The Google Play conundrum

There’s also a paradox at play as far as the existing Android numbers go, namely that these raw figures in terms of activated devices aren’t translating into dominance in web-traffic vis a viz iOS or comparable app store revenue (Apple accounts for somewhere in the region of 65% of all App revenue) through Google play when compared to Apple’s App Store. This has already been a topic that has received a fair amount of attention, but it’s worth briefly summing up some of the major reasons as to why Android still lags behind despite apparent sales at a device level.

Android holds most dominant sway in emerging economies like China and India, economies where the middle class, despite their nascent wealth, do not have the same degree of disposable income to spend on micro-transaction based products as consumers in the West do. Furthermore, repeated studies have shown that even within developed economies like the US, the demographic profile of an average iPhone or iPad user is generally wealthier than that of the average Android user.

Why Android is here to stay (for now)

Despite all of this, the current major smartphone and tablet manufacturers who are reliant on Android have too much to lose by moving away from Google. True, Android is heavily fragmented already and sacrifices performance to achieve uniformity across heterogeneous hardware architecture, but the manufacturers recognize that further fragmentation would be costly and dangerous, in that it could very well alienate markets that are becoming increasingly used to dealing with either Android or iOS as the two sole proprietors. On top of this, despite the aforementioned gap between App Store and Google Play revenues, Google Play is growing at a phenomenal pace and closing the gap on Apple, which is going to make consumers even more dependent on Google Play as a storefront. As a result, we’re unlikely to see major paradigm shifts occurring overnight; instead, we’ll see companies like Samsung testing the water with their own operating systems to gauge market reaction, and then planning long-term strategies off the back of the data they receive from those tentative forays. Therefore, any major change to the market won’t come unnoticed, and we’ll have advanced warning of it.

Mobile operating systems and platforms as a whole are an important topic for anyone in publishing, since tablets and smartphones have been key drivers of digital publishing growth and because the emergence of new software platforms would in the minds of many necessitate new delivery methods to reach those platforms, something that can cause headaches for many traditional publishers. This is something we’ve talked about internally, to our clients and to the wider publishing world many times at YUDU.

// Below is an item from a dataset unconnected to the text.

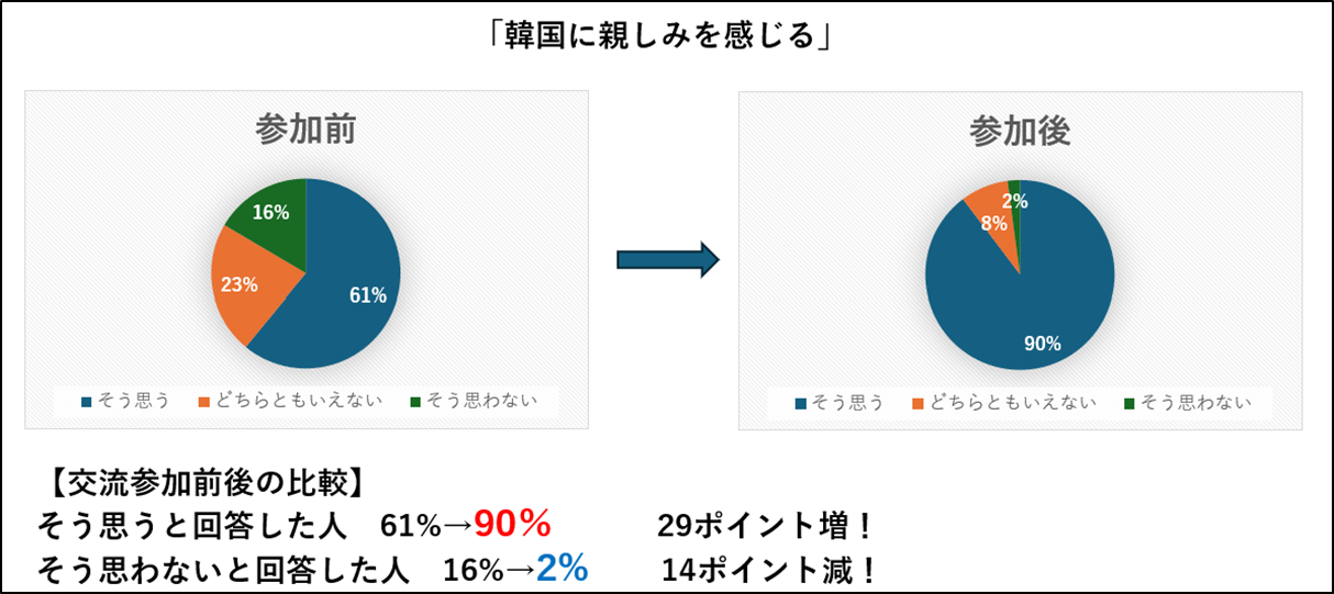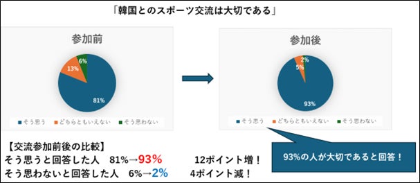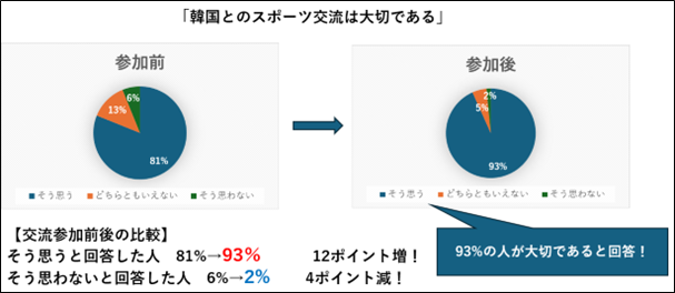 交流を通じて、「韓国に親しみを感じる」ことや「韓国とのスポーツ交流は大切である」という設問に同意する回答が増加していることや、「再び交流に参加したい」という設問に同意する回答が9割を超えることなどが確認できました。

The conclusion we’ve reached is that cross-platform applications are going to become increasingly important in the face of long-term uncertainty. Creating, maintaining and building upon apps that work solidly around a platform agnostic runtime environment whilst maintaining feature richness is imperative for us hence the reason for our already successful cross-platform apps, alongside maintaining the option for native iOS or Android apps for publishers who may well prefer that option.

Allowing our clients to tailor their choice depending on their needs is an essential part of what we provide. Combining platform ubiquity alongside choice. As strange a phrase as it may be to use in this context, having the peace of mind of knowing your digital publishing needs can be met across all devices in spite of often frenetic technological change and development is a common concern amongst clients, and something we always aim to meet.